Over the next week we will be publishing previews and snippets from among the submissions to the show.
The first feature is of Andrew Isaac Ng, Daniel Kobran, Max Obata's project exploring historical residence design in order to see how a sense of community can be fostered in a residential tower.
Abstract:
Stephen Emmott in Ten Billion provokes immediate nihilism with regard to our lack of urgency of our rapidly multiplying world, and parenthetically urban, population. But how does architecture immediately assert its agency in provoking typologies to morph and adapt in order to sustain a projective mode of designing in our increasingly dense world? It’s within this framework that the project approaches domesticity and vertical living.Within contemporary residential typology, we are confronted consistently with a very difficult and inconvenient truth: current typologies of vertical living emasculate nearly all forms of community and neighborhood. We can talk about activating ground program, we can interject about pedestrian-centric urban master plans, but the reality remains that we know those within close proximity the lease. The condo, therefore, is much more similar to a hotel than a home; we return for our domestic lives, devoid, ignoring and nonchalant about the transient community around ourselves.

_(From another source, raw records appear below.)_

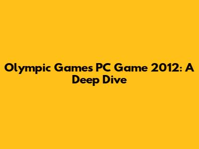 Olympic Games PC Game 2012: A Deep Dive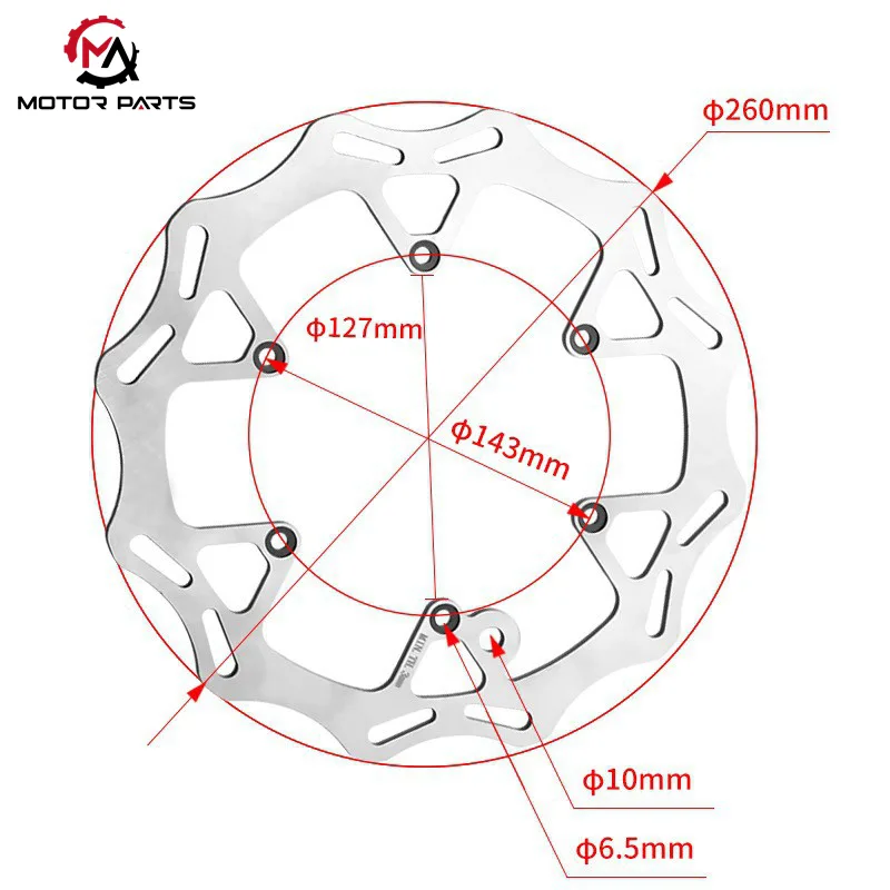 संतुलित कामगिरी: ब्रेकिंग टॉर्क आणि हाताळणी लवचिकता संतुलित करण्यासाठी 260 मिमी व्यास काळजीपूर्वक कॅलिब्रेट केला जातो. मोठ्या आकाराच्या डिस्क्समुळे खडबडीत रस्त्यावर निर्माण होणारी "ड्रॅगिंग सेन्सेशन" टाळून ऑफ-रोड राइडिंगची उच्च-मागणी ब्रेकिंग आवश्यकता पूर्ण करण्यासाठी पुरेसा ब्रेकिंग फोर्स प्रदान करते. क्लिष्ट ऑफ-रोड भूप्रदेशात रायडर्स अधिक चपळ हाताळणी आणि अचूक ब्रेकिंग नियंत्रणाचा आनंद घेऊ शकतात.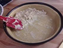Passiamo ora a stendere la pasta frolla fino ad uno spessore di 3 mm circa e ad adagiarla nella tortiera precedentemente imburrata (mi raccomando imburrare sempre la tortiera per una buona cottura) e inseriamo il ripieno…
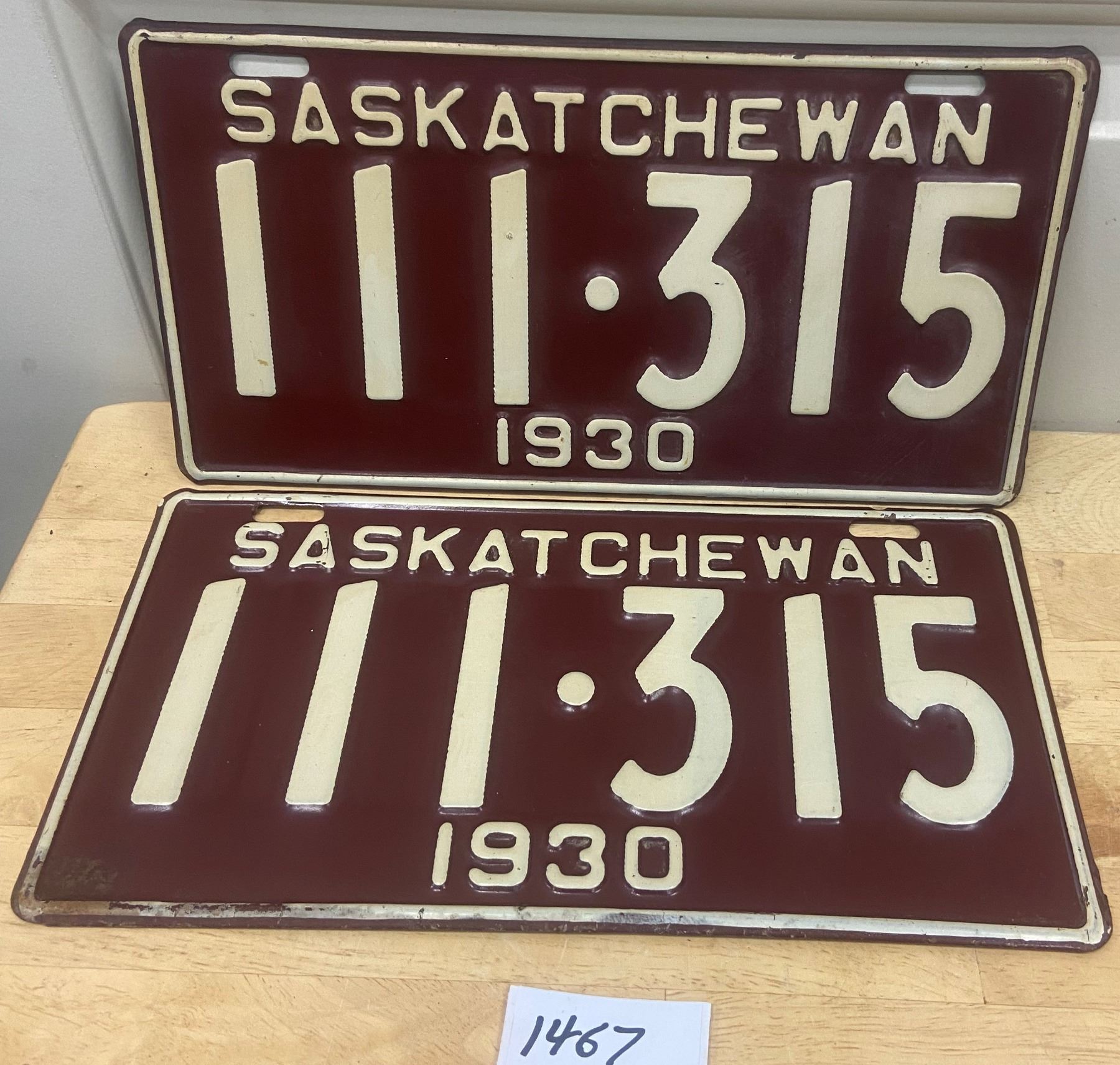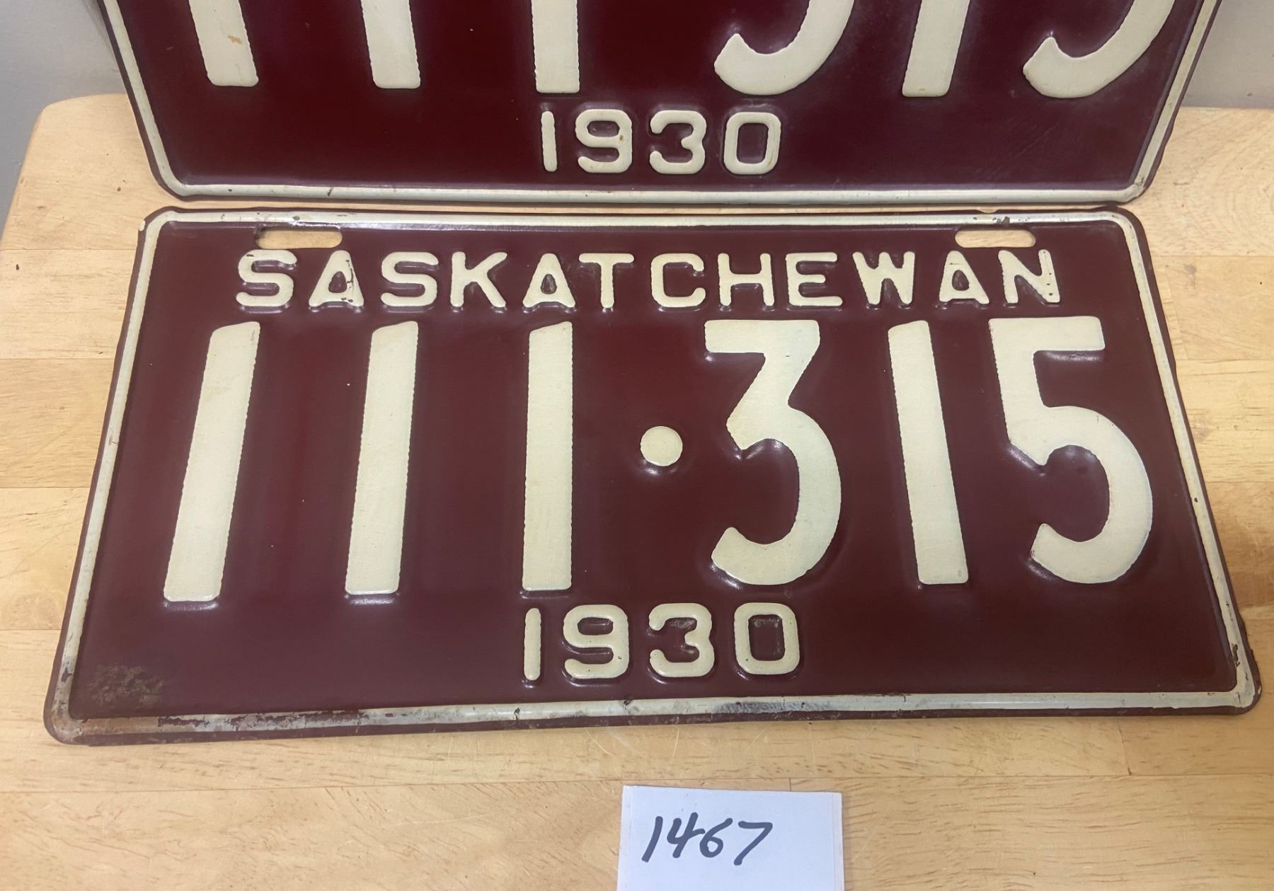 Pair of 1930 Sask licence plates - condition like - "never used"

Using the courtyards in Amsterdam as a precedent to examine, the initial work and research was conducted to understand how these existing historical typologies become neighborhood generators. The project fundamentally attempts to achieve two things. First, it minimizes its footprint in order to eliminate the corridor and dissolves the egress stair in hopes of connecting multiple floors within the same space. Secondly, it compresses the units in a smaller scale in order to allow for activity to bleed from the units out into the shared amenity spaces on each floor.